Initial velocity (u) = 36.0 m/s (upward)
Gravity acceleration (g) = 2.00 m/s^2

a) To find the time (t) when the velocity is 12.0 m/s upward:
We can use the equation of motion: v = u + at
Rearranging the equation, we have t = (v - u) / a
Substituting the given values, we get:
t = (12.0 m/s - 36.0 m/s) / (-2.00 m/s^2)
t = (-24.0 m/s) / (-2.00 m/s^2)
t = 12.0 s

Therefore, the ball has a velocity of 12.0 m/s upward at 12.0 seconds.

b) To find the time (t) when the velocity is 12.0 m/s downward:
Using the same equation as above, but this time with negative values for the velocity and acceleration, we get:
t = (12.0 m/s - 36.0 m/s) / (2.00 m/s^2)
t = (-24.0 m/s) / (2.00 m/s^2)
t = -12.0 s

However, time cannot be negative in this case, as it represents a physical quantity. Therefore, there is no valid solution for this question.

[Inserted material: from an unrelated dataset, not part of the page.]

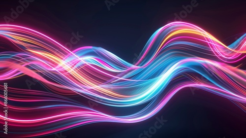 Abstract neon background with waves, lines, curves. Bright light. Neon lighting, signboard. Bright dark backdrop

c) To find the time (t) when the velocity of the ball is zero, we use the equation v = u + at:
0 = 36.0 m/s - 2.00 m/s^2 * t
Solving for t, we get:
t = 36.0 m/s / 2.00 m/s^2
t = 18.0 s

Therefore, the velocity of the ball is zero at 18.0 seconds.

d) Displacement (s) is the position of an object relative to its starting point. To find the time when the displacement is zero, we need to find the highest point of the ball's trajectory. At the highest point, the velocity is zero. Therefore, the displacement is zero when the velocity is zero.
Referring back to part c), the displacement is zero at 18.0 seconds.

e) The acceleration of a freely falling object near the Earth's surface is always directed downward and is equal to the acceleration due to gravity, which is 2.00 m/s^2 in this case.
Therefore, the magnitude of acceleration when the ball is moving upward is 2.00 m/s^2, directed downward.

f) Similarly, when the ball is moving downward, the magnitude of the acceleration remains 2.00 m/s^2, directed downward.

g) At the highest point of the ball's trajectory, the velocity is zero. Therefore, the acceleration is still acting downward with a magnitude of 2.00 m/s^2 and directed downward.